---------- Given entries ----------

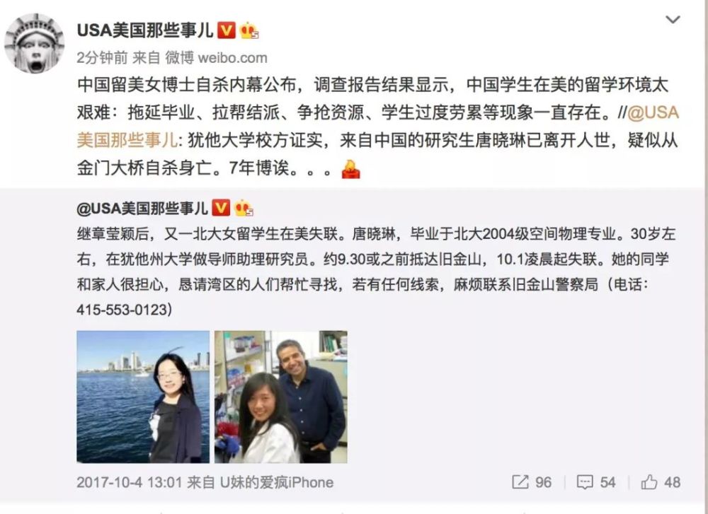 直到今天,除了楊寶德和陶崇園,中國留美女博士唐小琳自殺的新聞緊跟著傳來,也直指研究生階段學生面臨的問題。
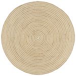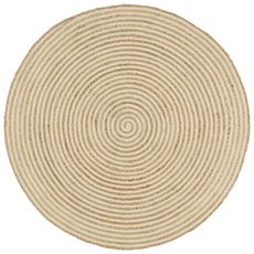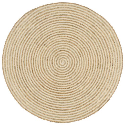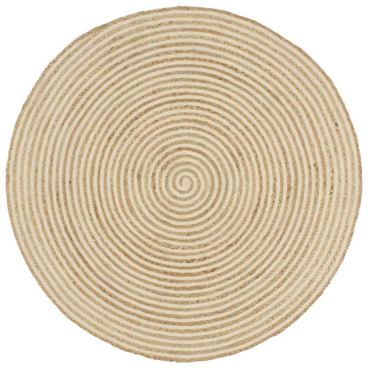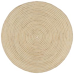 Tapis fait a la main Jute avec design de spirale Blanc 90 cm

----------
---------- Given entries ----------

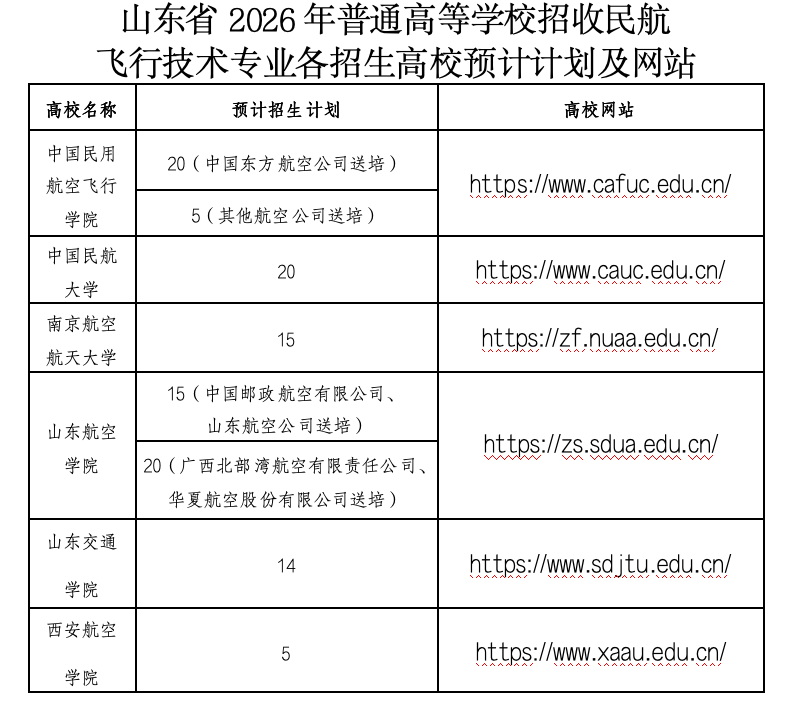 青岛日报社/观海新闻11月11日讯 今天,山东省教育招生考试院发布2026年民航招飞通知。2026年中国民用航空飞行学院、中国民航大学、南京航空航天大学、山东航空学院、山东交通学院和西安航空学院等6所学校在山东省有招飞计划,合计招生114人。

----------
---------- Given entries ----------

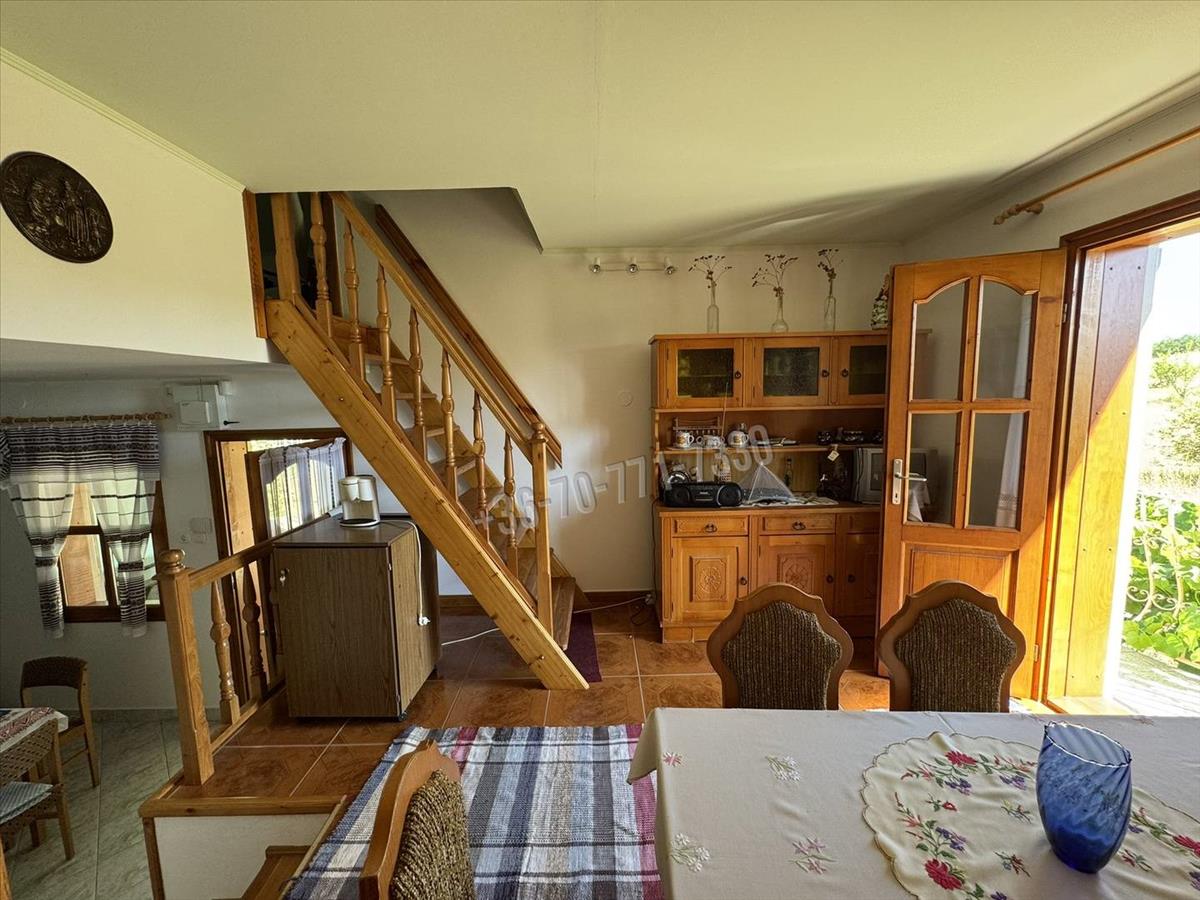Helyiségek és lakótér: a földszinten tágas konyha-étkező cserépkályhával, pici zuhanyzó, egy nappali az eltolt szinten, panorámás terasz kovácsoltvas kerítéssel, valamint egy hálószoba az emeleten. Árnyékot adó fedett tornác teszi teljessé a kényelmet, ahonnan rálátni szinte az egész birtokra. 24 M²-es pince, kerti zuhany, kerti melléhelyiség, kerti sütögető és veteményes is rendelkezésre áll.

----------

- Problem details: Using the records above, print exactly the lines between the ones containing "直到今天,除了楊寶德和陶崇園" and "Tapis fait a", inclusive, and nothing else; no pictures.

- Solution for this problem:
 直到今天,除了楊寶德和陶崇園,中國留美女博士唐小琳自殺的新聞緊跟著傳來,也直指研究生階段學生面臨的問題。
 Tapis fait a la main Jute avec design de spirale Blanc 90 cm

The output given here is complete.